É uma pena que esta situação tenha ocorrido, mas é seguir em frente...
Com isto passamos a ter novamente 117 membros, o que significa que perdemos um membro. 
Esperemos que volte a se registar...


----------



## kimcarvalho (21 Out 2006 às 12:29)

Rogpacheco disse:


> É uma pena que esta situação tenha ocorrido, mas é seguir em frente...
> Com isto passamos a ter novamente 117 membros, o que significa que perdemos um membro.
> Esperemos que volte a se registar...



E se não me engano foi o que postou logo a bela imagem, em pormenor, do MODIS no dia dos tornados e uma com uma fabulosa supercélula da sua autoria. Ou seja um membro com uma excelente iniciativa!

Se me leres inscreve-te novamente fazes falta à comunidade . Tu e todos os envergonhados que nos lêem.


----------



## dj_alex (21 Out 2006 às 18:15)

Bahhhh... 

Vou fazer 2 vezes os 1000posts....paciencia...


----------



## Administrador (24 Out 2006 às 17:41)

Finalmente obtive uma resposta sobre o que se passou:



> We sincerely apologize for this great inconvenience the restoration of the database has caused.
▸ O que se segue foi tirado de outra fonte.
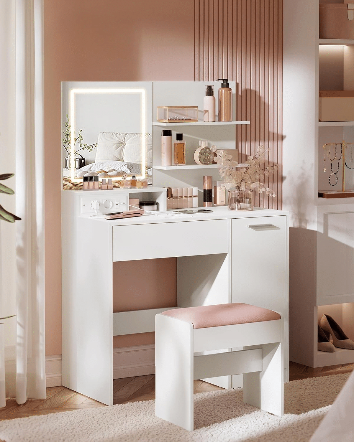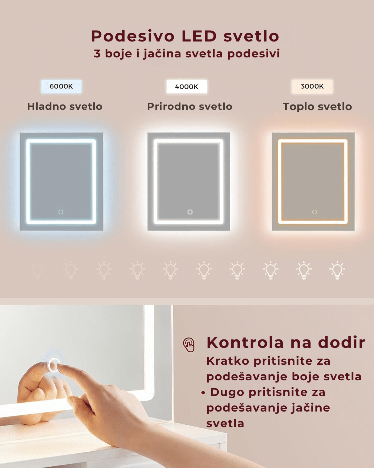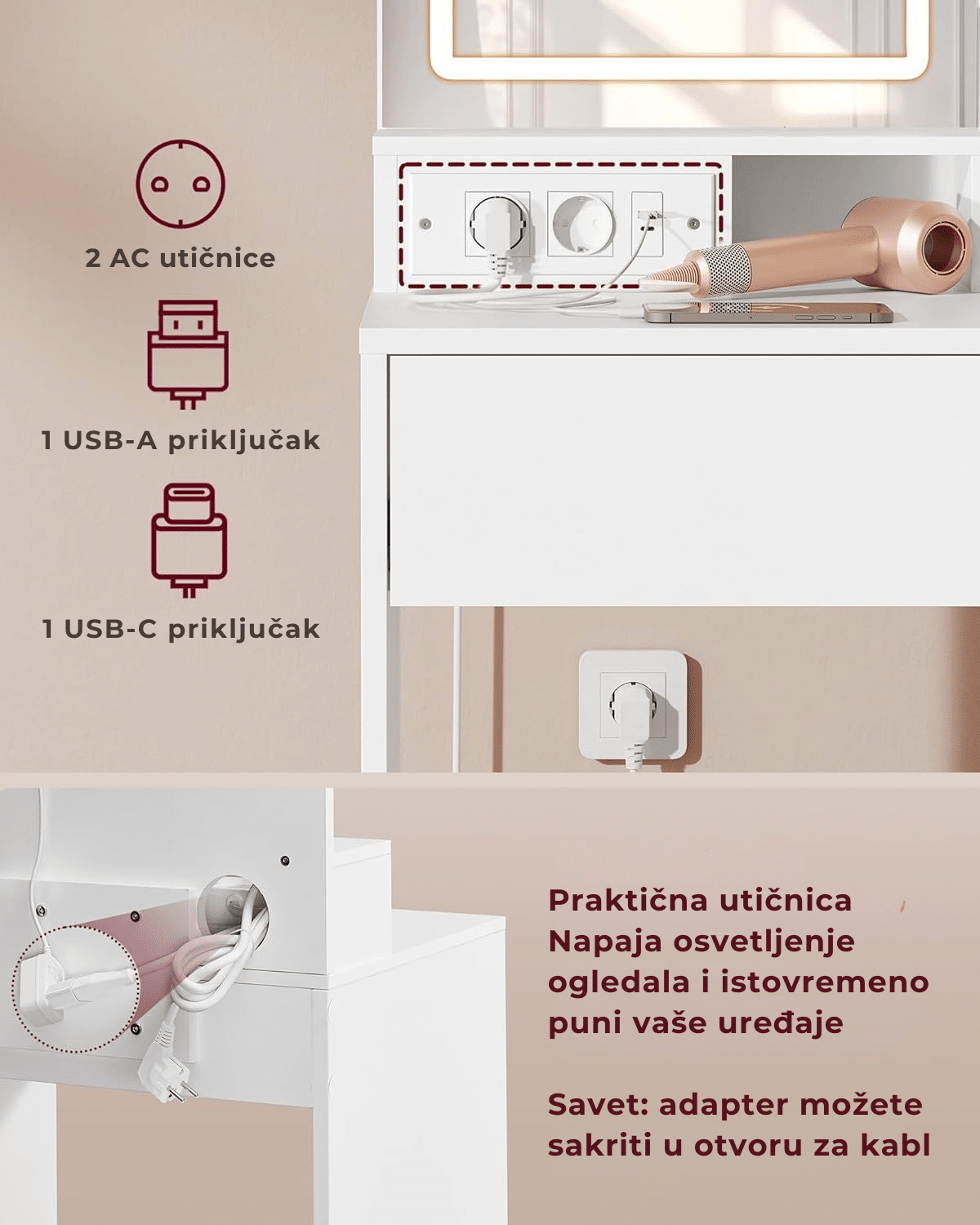 Ogledalo sa LED osvetljenjem poseduje 3 boje svetla koje se mogu uključiti i podešavati putem touch kontrole. Ugrađena utičnica sa 2 AC izlaza, 1 USB-A i 1 USB-C portom omogućava jednostavno napajanje uređaja i korišćenje beauty aparata.

On Friday there was some corruption in the databases for several accounts on this server and your database was affected by it. We were only able to restore a backup of the database which was 2 days old in order to get your site working again.
> 
> 
> 
> ...



Espero que o membro que se perdeu não pense que foi banido e se volte novamente a registar.


----------